What the exercise asks:
Repeat exactly the lines that begin at the one containing "legközelebb a könyvjelző" and end at the final line of the records; include no pictures and nothing else.

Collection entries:
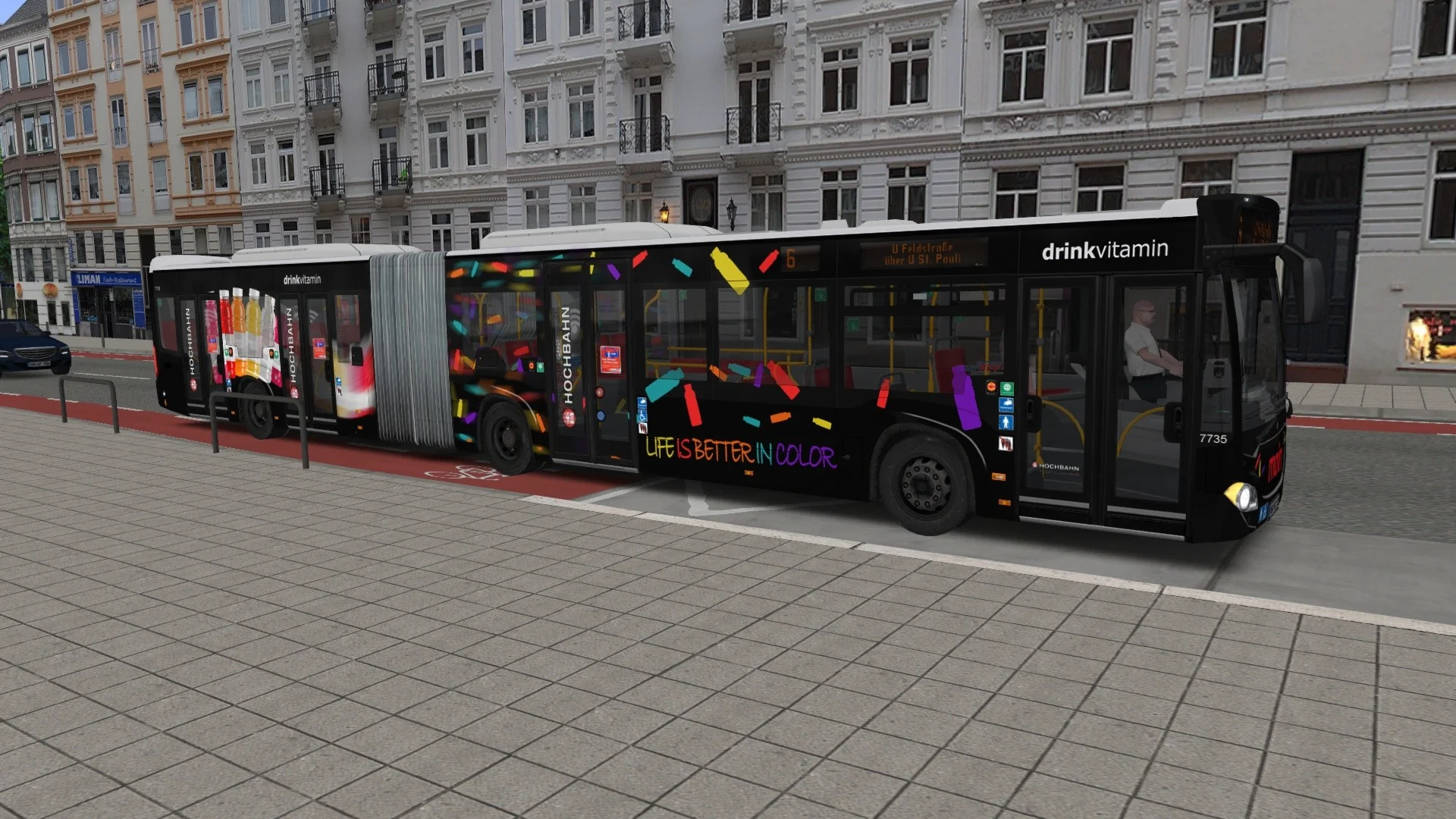 True-to-original exterior sliding doors and interior swing doors, various advertising liveries along the lines of Hamburg’s buses, realistic new engine sounds both from the inside and outside, as well as 4 speed and 6 speed automatic transmissions offer a whole new driving experience.
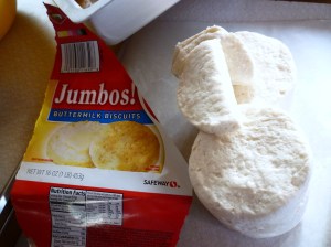 1 tube refrigerated biscuits (Jumbo or Grands – 8 count)
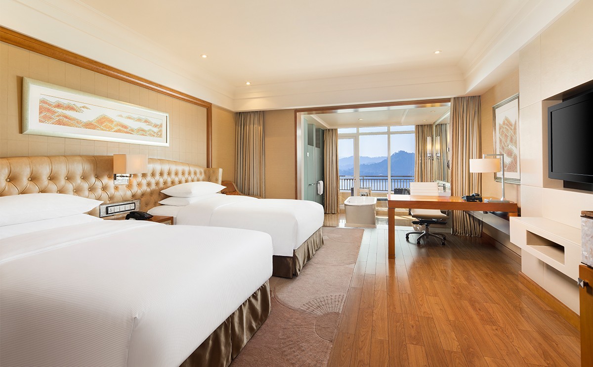 348間設(shè)計(jì)時(shí)尚優(yōu)雅的客房及套房,貼心的客房設(shè)施以及寬敞的熱帶雨林淋浴間,大多數(shù)客房配置私人陽(yáng)臺(tái),可盡享千島湖的碧水青山,讓您盡情放松,煥發(fā)活力。
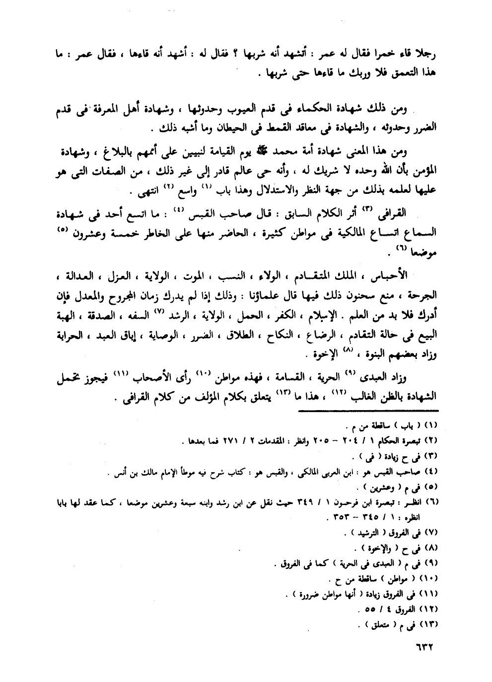 القرافى أثر الكلام السابق: قال صاحب القبس: ما اتسع أحد فى شهادة السماع اتساع المالكية فى مواطن كثيرة، الحاضر منها على الخاطر خمسة وعشرون موضعا.
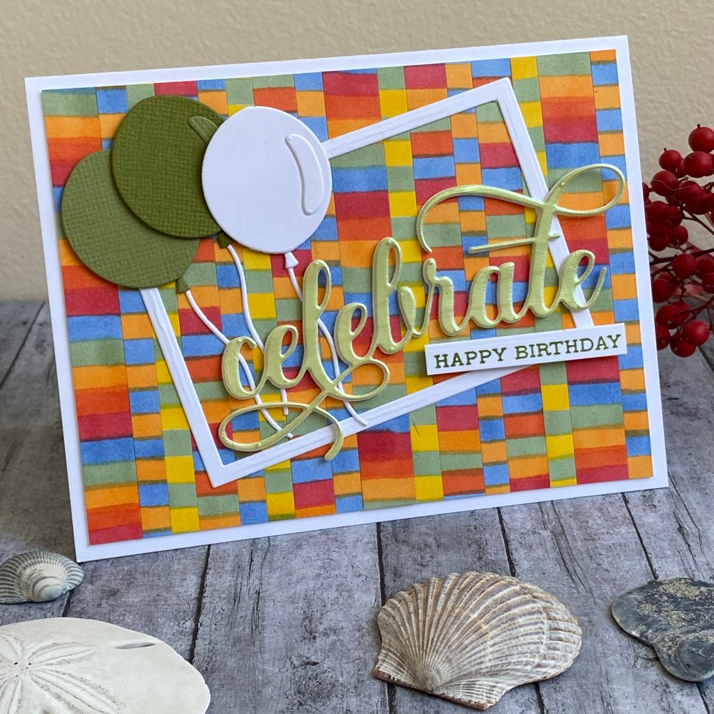 I stamped Happy Birthday for a sub-sentiment from the Sentiment Strips 3 set, using Altenew Moss ink. The balloon die cuts were from an older Tim Holtz set that I have (Circle Play). I just used a few coordinating colors of cardstock from my scrap bin. I cut a thin white frame with rectangular nesting dies, to add a little more interest. It turned out to be a fun card, with lots of dimension and textures!
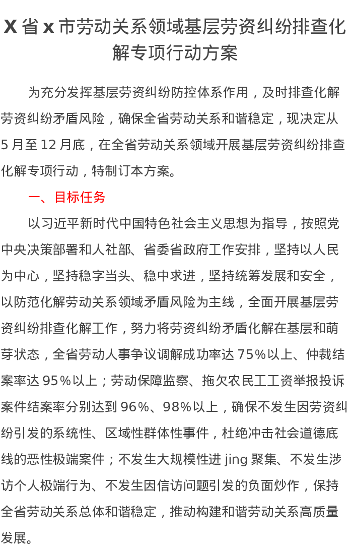 X省x市劳动关系领域基层劳资纠纷排查化解专项行动方案
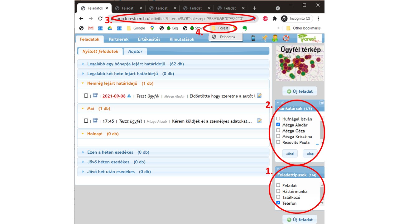 legközelebb a könyvjelző sávban elhelyezett (a szűrőket is tartalmazó) linkről kell elindítanom a ForestCRM-et. Ebben az esetben már csak a rám vonatkozó telefonhívások fognak megjelenni a nyitott feladatok között.
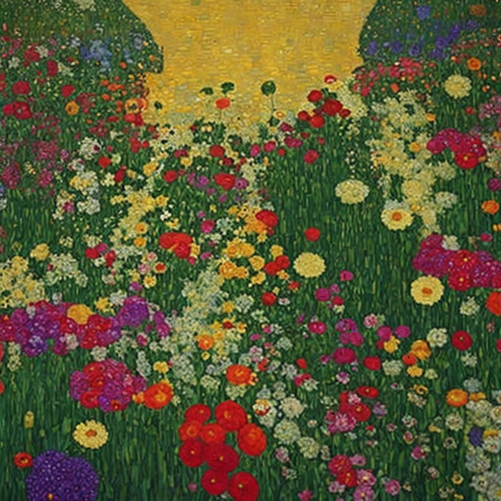 A vibrant field of wildflowers in full bloom, featuring an array of colors including yellow, red, pink, and purple. Tall green grass surrounds the blossoms, creating a lively, serene atmosphere.
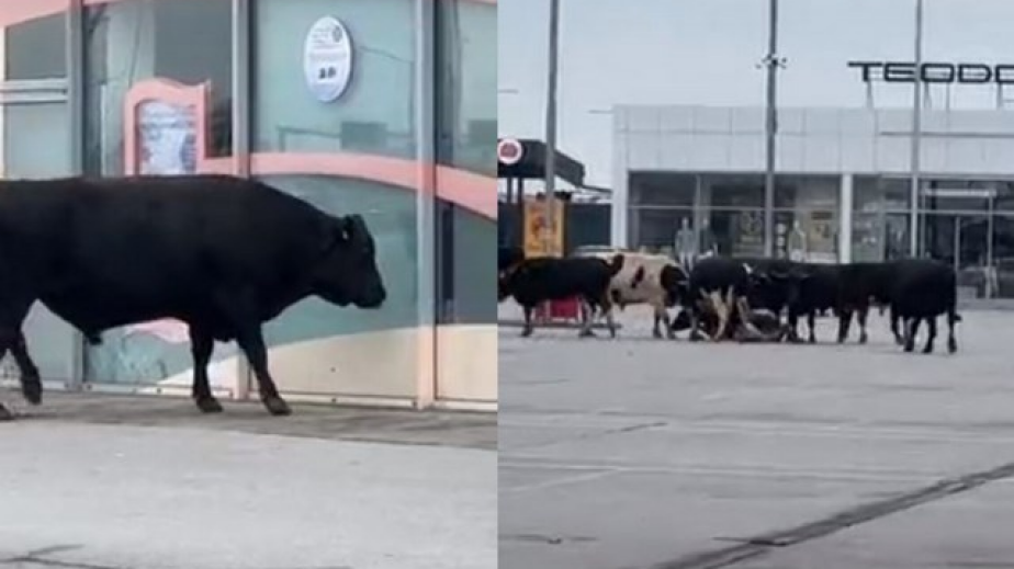 Заедно с него на паркинга на търговските обекти се разхожда и цяло стадо крави. Това се случва не къде да е, а на входа на София.

Answer section:
 legközelebb a könyvjelző sávban elhelyezett (a szűrőket is tartalmazó) linkről kell elindítanom a ForestCRM-et. Ebben az esetben már csak a rám vonatkozó telefonhívások fognak megjelenni a nyitott feladatok között.
 A vibrant field of wildflowers in full bloom, featuring an array of colors including yellow, red, pink, and purple. Tall green grass surrounds the blossoms, creating a lively, serene atmosphere.
 Заедно с него на паркинга на търговските обекти се разхожда и цяло стадо крави. Това се случва не къде да е, а на входа на София.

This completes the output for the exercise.